4Specifically, she alleged that she attended a CAPA meeting where the Chair, Dr. Bonnie Burstow, made anti-Christian comments.
5She also alleged that almost all members of CAPA are gay, lesbian and Jewish, and that the members who are lesbian and Jewish have most of the authority in CAPA.
6She further alleged that CAPA has a video of her discussing a perceived disability, which should be expunged. She stated that she does not have a disability.
7On September 20, 2010, the respondent filed a Response, which denied the applicant’s allegations of discrimination, but stated that it was difficult to respond to her allegations because of their vagueness.
8Specifically, the respondent denied that Dr. Burstow made anti-Christian comments at a CAPA meeting,
9The Response also denied that almost all members of CAPA are gay, lesbian and Jewish, and that the members who are lesbian and Jewish have most of the authority in CAPA.

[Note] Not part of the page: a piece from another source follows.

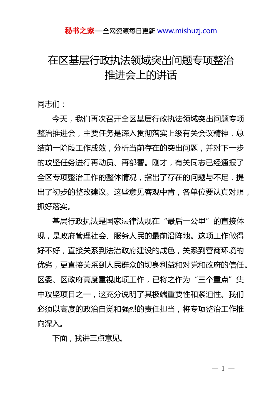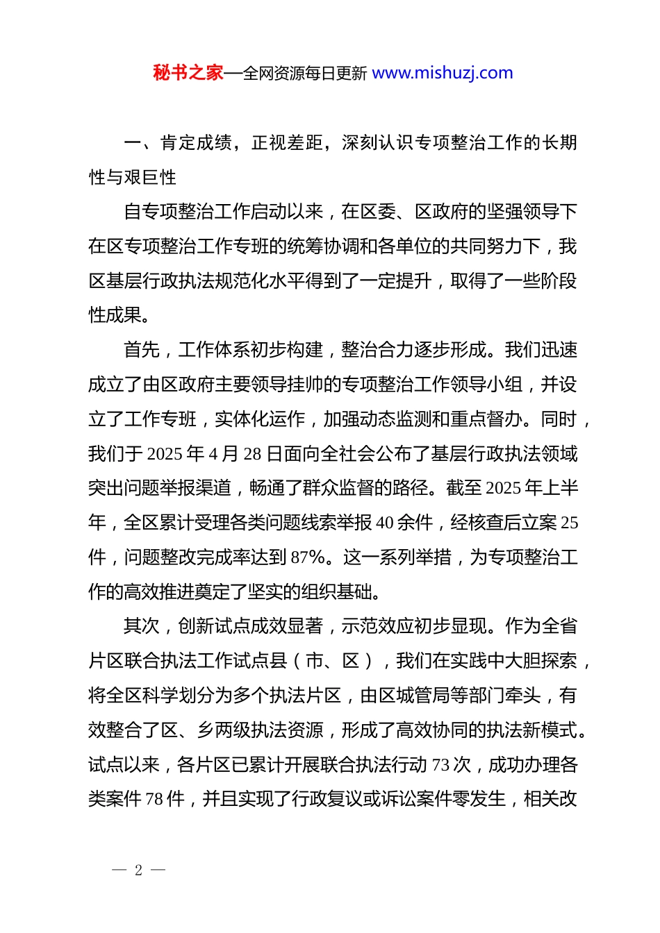 秘书之家—全网资源每日更新 www.mishuzj.com在区基层行政执法领域突出问题专项整治推进会上的讲话同志们:今天,我们再次召开全区基层行政执法领域突出问题专项整治推进会,主要任务是深入贯彻落实上级有关会议精神,总结前一阶段工作成效,分析当前存在的突出问题,并对下一步的攻坚任务进行再动员、再部署。刚才,有关同志已经通报了全区专项整治工作的整体情况,指出了存在的问题与不足,提出了初步的整改建议。这些意见客观中肯,各单位要认真对照,抓好落实。基层行政执法是国家法律法规在“最后一公里”的直接体现,是政府管理社会、服务人民的最前沿阵地。这项工作做得好不好,直接关系到法治政府建设的成色,关系到营商环境的优劣,更直接关系到人民群众的切身利益和对党和政府的信任。区委、区政府高度重视此项工作,已将之作为“三个重点”集中攻坚项目之一,这充分说明了其极端重要性和紧迫性。我们必须以高度的政治自觉和强烈的责任担当,将专项整治工作推向深入。下面,我讲三点意见。— 1 —秘书之家—全网资源每日更新 www.mishuzj.com一、肯定成绩,正视差距,深刻认识专项整治工作的长期性与艰巨性自专项整治工作启动以来,在区委、区政府的坚强领导下在区专项整治工作专班的统筹协调和各单位的共同努力下,我区基层行政执法规范化水平得到了一定提升,取得了一些阶段性成果。首先,工作体系初步构建,整治合力逐步形成。我们迅速成立了由区政府主要领导挂帅的专项整治工作领导小组,并设立了工作专班,实体化运作,加强动态监测和重点督办。同时,我们于 2025 年 4 月 28 日面向全社会公布了基层行政执法领域突出问题举报渠道,畅通了群众监督的路径。截至 2025 年上半年,全区累计受理各类问题线索举报 40 余件,经核查后立案 25件,问题整改完成率达到 87%。这一系列举措,为专项整治工作的高效推进奠定了坚实的组织基础。其次,创新试点成效显著,示范效应初步显现。作为全省片区联合执法工作试点县(市、区),我们在实践中大胆探索,将全区科学划分为多个执法片区,由区城管局等部门牵头,有效整合了区、乡两级执法资源,形成了高效协同的执法新模式。试点以来,各片区已累计开展联合执法行动 73 次,成功办理各类案件 78 件,并且实现了行政复议或诉讼案件零发生,相关改— 2 —秘书之家—全网资源每日更新 www.mishuzj.com革经验荣获省级改革创新案例一等奖形成了可复制、可推广的“XX 样本”。再者,数字赋能深度融合,执法质效稳步提升。我区全面推广应用“XX 执法”平台,实现了行政执法从立案、调查、取证到决定、执行的全流程线上办理与监督。目前,全区 300余家区、乡两级执法单位及全部执法人员均已入驻平台并常态化使用。截至目前,通过该平台累计录入的行政执法案件已达9992 件。平台的深度应用,不仅规范了执法行为,也极大地提升了执法监督的精准性和有效性。数据显示,2024 年以来,区政府行政复议案件的合法率保持在 100%,行政诉讼败诉率为零这充分证明了数字化转型带来的执法质量跃升。在肯定成绩的同时,我们更要清醒地看到工作中存在的短板和弱项。正如刚才通报中指出的,一些深层次、隐蔽性的问题尚未完全挖出;部分单位之间存在协同壁垒,“九龙治水”的现象依然存在;个别执法人员的法治观念、程序意识和业务能力仍有待提高;在涉企执法中,执法方式创新不足,“一刀切”式的执法现象偶有发生;“XX 执法”平台的数据应用还停留在“录入”和“统计”层面,距离真正的数据研判和决策辅助还有较大差距。这些问题,是阻碍我们工作向纵深发展的“拦路虎”,是必须下大力气解决的硬骨头。全区各级各部门— 3 —秘书之家—全网资源每日更新 www.mishuzj.com必须高度警醒,决不能有丝毫的松懈和麻痹思想。二、聚焦关键,精准施策,以攻坚态势推动专项整治取得新突破打赢专项整治这场攻坚战,必须坚持问题导向、目标导向结果导向,聚焦重点领域和关键环节,采取更加有力、更加精准的措施,推动各项任务落地见效。第一,持续优化涉企执法监督,全力打造一流营商环境。营商环境是区域发展的核心竞争力,而规...

10The Response admitted that the respondent has a video of a public hearing, which shows the applicant, but denied that this constitutes discrimination on the basis of disability.
11The applicant filed a Reply on November 9, 2010, which specified Dr. Burstow’s discriminatory comment as: “You know how we feel about Christians.” She stated that Dr. Burstow then turned to her and stated: “Sorry Margaret.”
12The applicant also filed a letter with the Tribunal on December 7, 2010, which stated that the respondent denied her request to be on the executive of CAPA. The letter also stated:
My Application against CAPA concerns the fact that Jewish people and Lesbians dominate this organization. I have never encountered a Catholic heterosexual like myself at the meetings.
The letter also specifically named a member of the CAPA executive, whom she identified as “Jewish and Lesbian”.
13On February 4, 2011, the Tribunal issued a Case Assessment Direction (“CAD”), which informed the parties that a summary hearing would be scheduled to hear submissions from the parties on whether the Application has a reasonable prospect of success.
14The applicant filed a letter with the Tribunal on February 19, 2011 in response to the CAD, which again identified the CAPA executive member by name, identified her as “Jewish and Lesbian”, and stated that she has “all the executive powers” at CAPA and “run[s] the show to this day”.
15The summary hearing took place by conference call on June 16, 2011. I heard submissions from the applicant and Dr. Burstow.
PRELIMINARY ISSUE
16On February 20, 2011, the applicant filed a Request for an Order During Proceedings, which requested, among other things, that the Tribunal anonymize her because this case deals with highly personal information, which could jeopardize her reputation. She referred, in particular, to an incident that occurred in 2003.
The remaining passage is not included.